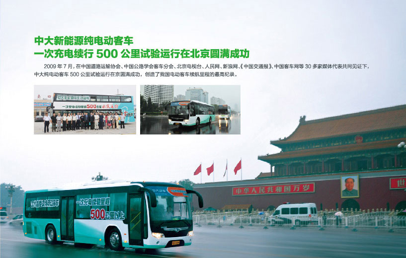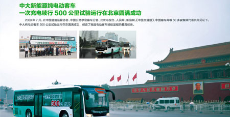 | 中大汽車集團歷經12年研發(fā)集成,先后投入11億元,擁有完全自主知識產權的純電動客車以其21項專利技術,2年批量商業(yè)化的平穩(wěn)運營,率先在國家工信部獲得純電動客車5000臺技改立項批準。8月15日,全球70家知名媒體齊聚北京,參加中大電動客車率先產業(yè)化新聞發(fā)布會。中大汽車歷經十多年、耗資十多億,成功研發(fā)出擁有21項專利的新能源純電動客車,并在國內新能源客車領域首家實現(xiàn)產業(yè)化。中大純電動客車不僅實現(xiàn)了傳統(tǒng)能源替代、環(huán)保零排放,而且對世界汽車工業(yè)的革命作出了貢獻。 |
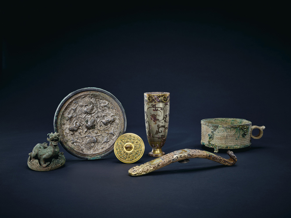 圖:「見微知著─奉文堂吉金」部分藏品,左起第一件為春秋青銅辟邪席鎮,後排右起第二件為漢代青銅烙銀瑞獸紋杯
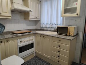 Este acogedor piso de 85 m2 tiene una distribución en ele. El largo pasillo articulas las estancias de la casa en dos habitaciones y un baño completamente equipado. La cocina, cómoda para tenerlo todo a mano, dispone de una galería donde poder tener la lavadora y una ventana en la que tender. El gran comedor, por su parte, es amplio y confortable, con salida a un balcón en el que pasar las tardes, tener plantas o cenar en verano.
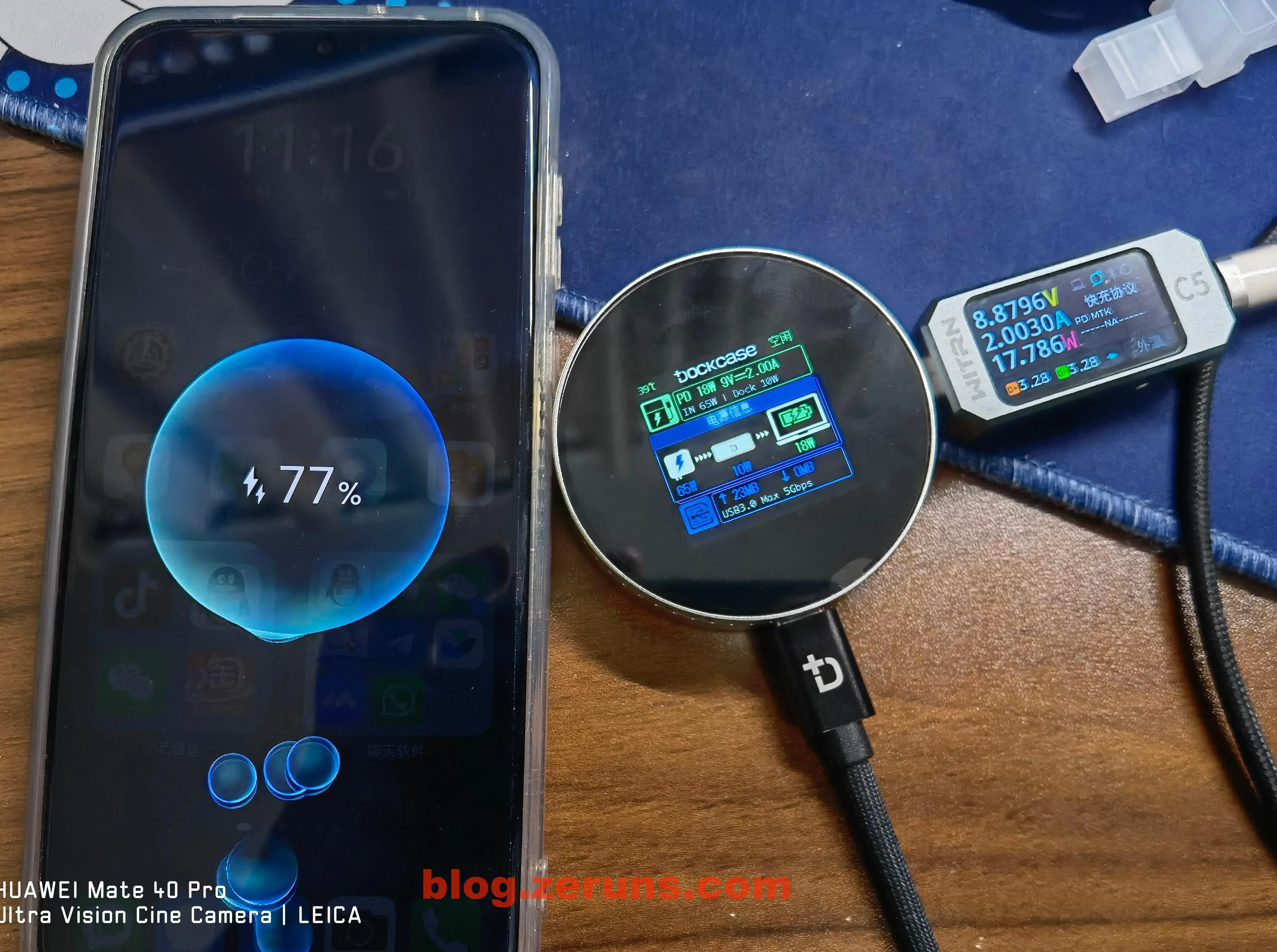 ハードディスクケースには2つのCポートがあり、片方をスマホ、もう片方をPD充電器に接続することで、充電しながら読み書きが可能。ただし、HuaweiスマホのPD対応最大出力は18Wのため、100W PDのテストはできない。
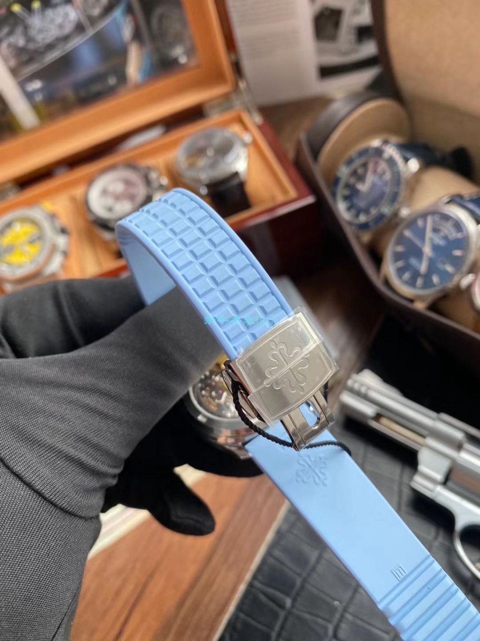 2.完美克隆Aquanaut经典式折叠式表扣,即使在非常细小的拐角处上也做有倒角润饰,确保还原正品般的舒适感。
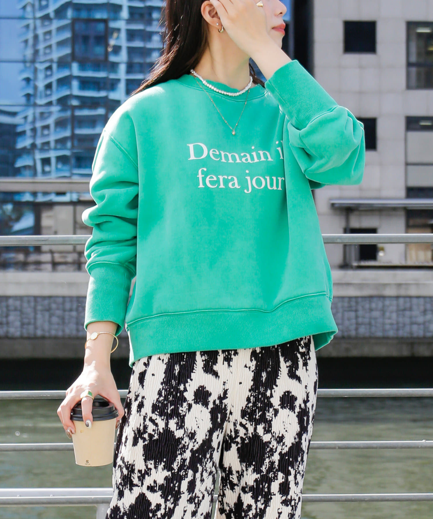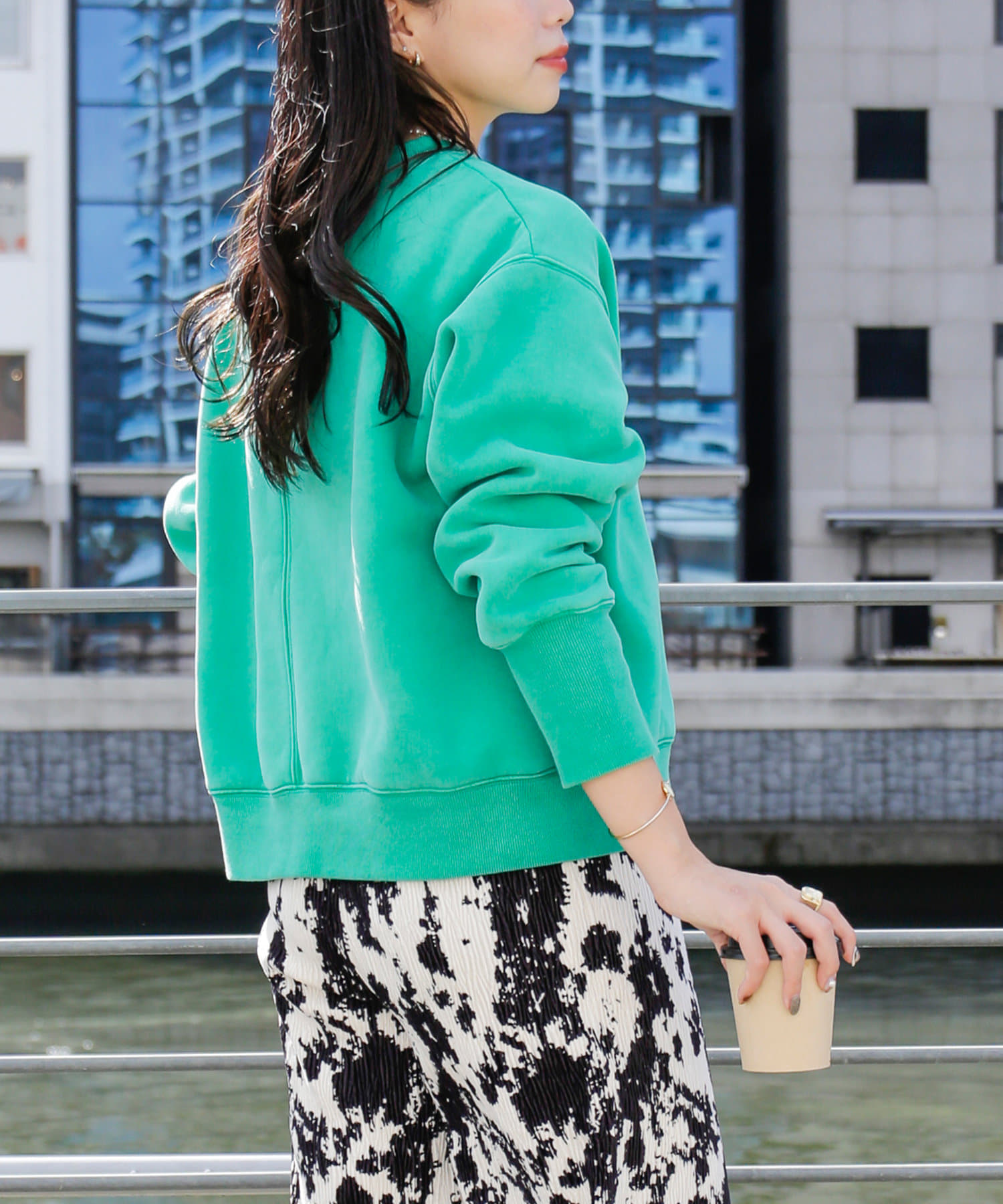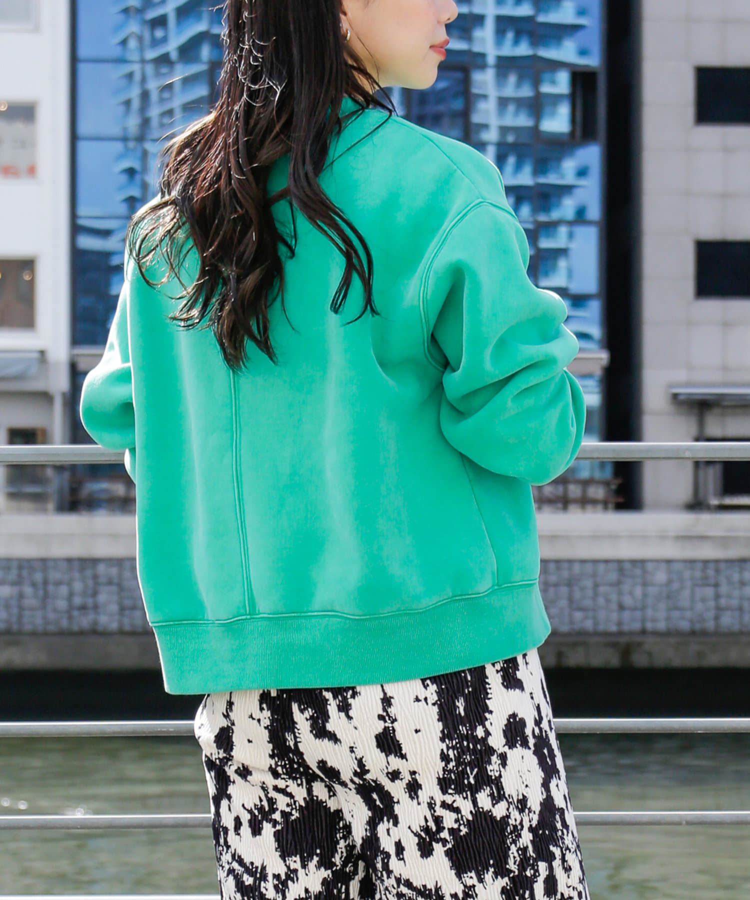 ・鮮やかなグリーン、ピンクのカラーはコーデの主役にぴったりの一着です。

######

● What you will do: What you return must match the records exactly, apart from the images, which are omitted.

● Exercise result:
 | 中大汽車集團歷經12年研發(fā)集成,先后投入11億元,擁有完全自主知識產權的純電動客車以其21項專利技術,2年批量商業(yè)化的平穩(wěn)運營,率先在國家工信部獲得純電動客車5000臺技改立項批準。8月15日,全球70家知名媒體齊聚北京,參加中大電動客車率先產業(yè)化新聞發(fā)布會。中大汽車歷經十多年、耗資十多億,成功研發(fā)出擁有21項專利的新能源純電動客車,并在國內新能源客車領域首家實現(xiàn)產業(yè)化。中大純電動客車不僅實現(xiàn)了傳統(tǒng)能源替代、環(huán)保零排放,而且對世界汽車工業(yè)的革命作出了貢獻。 |
 圖:「見微知著─奉文堂吉金」部分藏品,左起第一件為春秋青銅辟邪席鎮,後排右起第二件為漢代青銅烙銀瑞獸紋杯
 Este acogedor piso de 85 m2 tiene una distribución en ele. El largo pasillo articulas las estancias de la casa en dos habitaciones y un baño completamente equipado. La cocina, cómoda para tenerlo todo a mano, dispone de una galería donde poder tener la lavadora y una ventana en la que tender. El gran comedor, por su parte, es amplio y confortable, con salida a un balcón en el que pasar las tardes, tener plantas o cenar en verano.
 ハードディスクケースには2つのCポートがあり、片方をスマホ、もう片方をPD充電器に接続することで、充電しながら読み書きが可能。ただし、HuaweiスマホのPD対応最大出力は18Wのため、100W PDのテストはできない。
 2.完美克隆Aquanaut经典式折叠式表扣,即使在非常细小的拐角处上也做有倒角润饰,确保还原正品般的舒适感。
 ・鮮やかなグリーン、ピンクのカラーはコーデの主役にぴったりの一着です。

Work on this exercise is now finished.